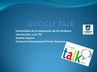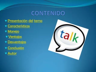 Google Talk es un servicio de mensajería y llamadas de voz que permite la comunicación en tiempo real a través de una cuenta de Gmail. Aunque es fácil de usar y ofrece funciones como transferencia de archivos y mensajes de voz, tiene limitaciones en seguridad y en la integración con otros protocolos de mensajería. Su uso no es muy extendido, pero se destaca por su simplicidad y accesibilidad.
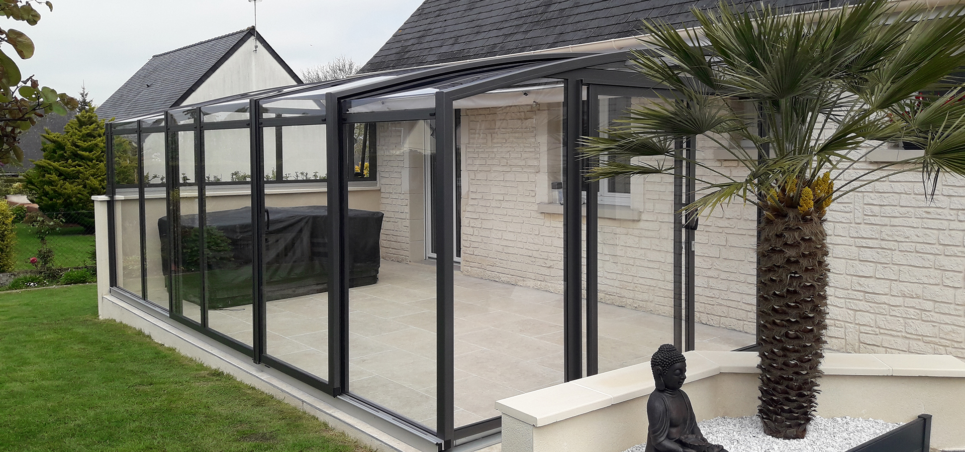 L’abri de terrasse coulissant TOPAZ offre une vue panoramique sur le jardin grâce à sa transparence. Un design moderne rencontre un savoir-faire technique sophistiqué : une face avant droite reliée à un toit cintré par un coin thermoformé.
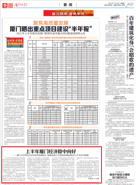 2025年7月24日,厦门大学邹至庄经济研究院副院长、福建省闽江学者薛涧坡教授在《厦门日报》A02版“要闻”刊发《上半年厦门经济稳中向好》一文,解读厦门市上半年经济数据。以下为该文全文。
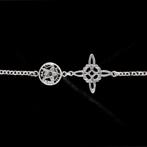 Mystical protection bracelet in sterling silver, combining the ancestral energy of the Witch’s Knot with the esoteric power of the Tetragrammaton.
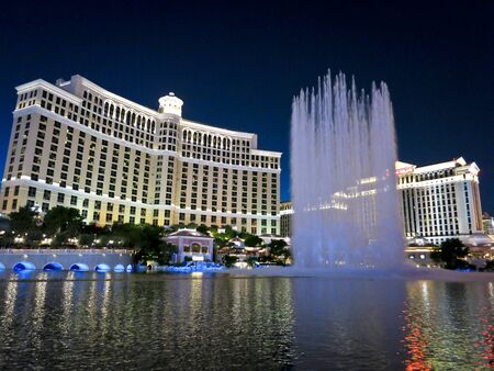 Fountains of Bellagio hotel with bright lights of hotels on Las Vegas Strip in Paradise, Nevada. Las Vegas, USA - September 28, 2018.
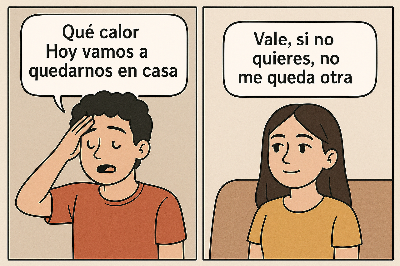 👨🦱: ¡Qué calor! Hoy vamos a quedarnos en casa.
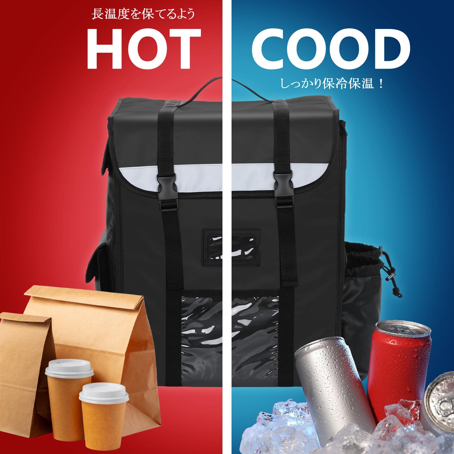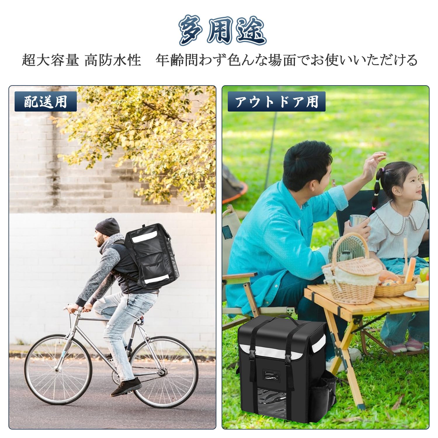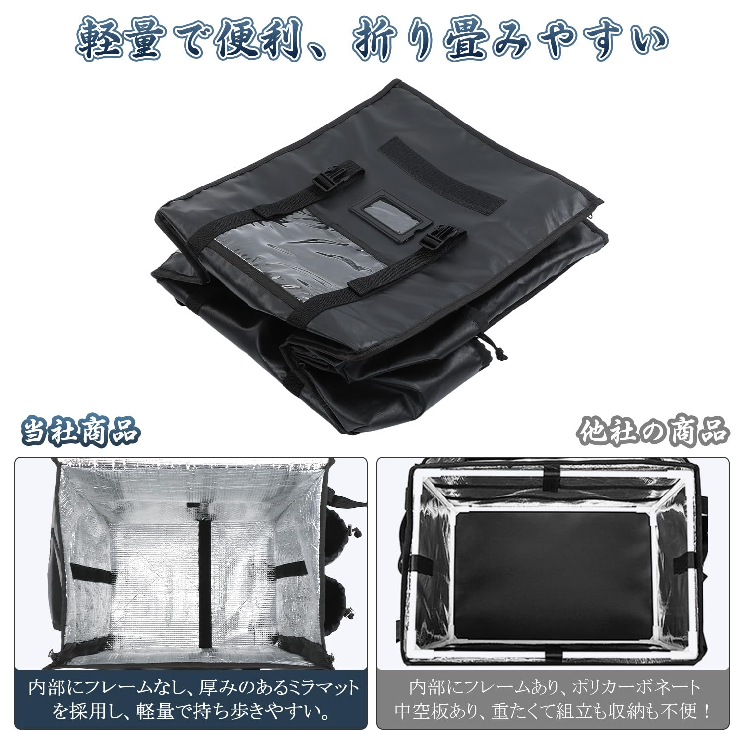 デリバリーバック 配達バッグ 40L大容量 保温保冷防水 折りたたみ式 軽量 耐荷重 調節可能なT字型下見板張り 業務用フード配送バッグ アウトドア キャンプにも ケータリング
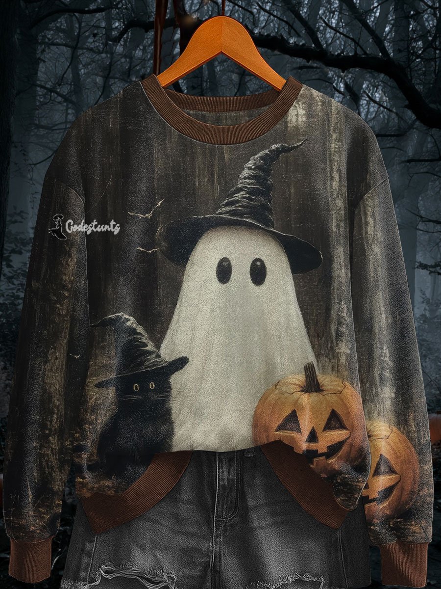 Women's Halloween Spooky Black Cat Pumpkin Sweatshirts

* * *

Problem description → Write out exactly the lines from the line holding "Mystical protection bracelet" through the last line of the records above, inclusive, and nothing more. Leave out the pictures.

Answer for the task →
 Mystical protection bracelet in sterling silver, combining the ancestral energy of the Witch’s Knot with the esoteric power of the Tetragrammaton.
 Fountains of Bellagio hotel with bright lights of hotels on Las Vegas Strip in Paradise, Nevada. Las Vegas, USA - September 28, 2018.
 👨🦱: ¡Qué calor! Hoy vamos a quedarnos en casa.
 デリバリーバック 配達バッグ 40L大容量 保温保冷防水 折りたたみ式 軽量 耐荷重 調節可能なT字型下見板張り 業務用フード配送バッグ アウトドア キャンプにも ケータリング
 Women's Halloween Spooky Black Cat Pumpkin Sweatshirts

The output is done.